Vince Holding Corp (VNCE - $25.7M) - Vince Holding Corp issued a press release on May 9, 2025, announcing receipt of a Notice, detailed in Exhibit 99.1 of the filing. The information provided under Item 7.01 is furnished for transparency but is not deemed filed under Section 18 of the Securities Exchange Act, limiting related liabilities. This disclosure does not create any new obligations or liabilities for the company under SEC rules.
Ziff Davis Inc. (ZD - $1.4B) - Ziff Davis Inc. disclosed supplemental financial data related to its first quarter 2025 earnings during a conference call on May 9, 2025, which is furnished as Exhibit 99.1 to this Form 8-K. This information is provided under Regulation FD and is not filed for purposes of Section 18 of the Exchange Act, nor incorporated by reference in other filings. There are no indications of non-compliance, litigation, or other negative developments disclosed in this item.
Financial Attachments 📎
InvenTrust Properties Corp. (IVT - $2.2B) - InvenTrust Properties Corp. filed an Item 9.01 disclosure including Exhibit 104, which is the Cover Page Interactive Data File embedded within the Inline XBRL document. There are no indications of non-compliance, litigation, or other adverse events in this filing. This submission primarily serves to provide updated financial data in a standardized electronic format.
Noble Corp plc (NE - $3.5B) - The filing under Item 9.01 for Noble Corp plc (NE) includes only the submission of an Interactive Data File with embedded XBRL tags. There are no disclosures of financial restatements, impairments, litigation, or other material events. This filing does not contain any actionable or negative developments affecting the company’s financial condition or operations.
TransUnion (TRU - $16.5B) - The Item 9.01 filing for TransUnion (TRU) contains only an exhibit related to the cover page Interactive Data File in XBRL format. There are no disclosures of financial statements, non-compliance, or other material events in this filing. This filing does not indicate any actionable events or changes affecting the company’s financial condition or operations.
Tronox Holdings plc (TROX - $850.9M) - The Item 9.01 filing for Tronox Holdings plc includes the submission of financial statements and exhibits. Specifically, Exhibit 104 contains the Inline XBRL data for the cover page of this Current Report on Form 8-K. There are no disclosures of non-compliance, litigation, or other negative events in this filing.
Farmers & Merchants Bancshares, Inc. - The filing under Item 9.01 contains only the Exhibit Index listing the exhibits included with the report. There are no financial statements or disclosures of non-compliance, litigation, or other material events reported. This filing does not present any actionable information or changes affecting the company’s financial condition or operations.

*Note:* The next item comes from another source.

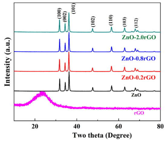 Figure 1 depicts the XRD patterns of rGO, ZnO, ZnO-0.2 rGO, ZnO-0.8 rGO, and ZnO-2.0 rGO. For rGO, there is only a broad diffraction peak (002) at 25°. The weak broad peak in rGO disappears in the ZnO/rGO due to the small content and high dispersion of rGO in ZnO/rGO. And the ZnO and ZnO-rGO nanocomposites with various rGO contents show high intensity of the diffraction peaks indicating a good crystallinity of the materials. The peaks at 31.9, 34.6, 36.5, 47.7 and 56.7° are assigned to (100), (002), (101), (102) and (110) planes of hexagonal wurtzite zinc oxide (JCPDS-36-145) [39,40]. No change in diffraction peaks of the ZnO-rGOs with that of ZnO indicates surface hybridization of rGO on ZnO because the lattice constant of ZnO remains unchanged.

Hershey Co (HSY - $42.9B) - The Item 9.01 filing for Hershey Co (HSY) includes only the submission of an interactive data file as Exhibit 104. No financial statements, restatements, or disclosures of material events were reported. This filing does not indicate any non-compliance, litigation, or other negative developments.
Orasure Technologies Inc. (OSUR - $220.8M) - OraSure Technologies Inc. filed unaudited pro forma financial information reflecting the acquisition of Sherlock Biosciences, effective January 1, 2024. The combined statements of operations for the year ended December 31, 2024, are included as Exhibit 99.1 and incorporated by reference. This filing provides investors with a forward-looking view of the company's financial position post-acquisition.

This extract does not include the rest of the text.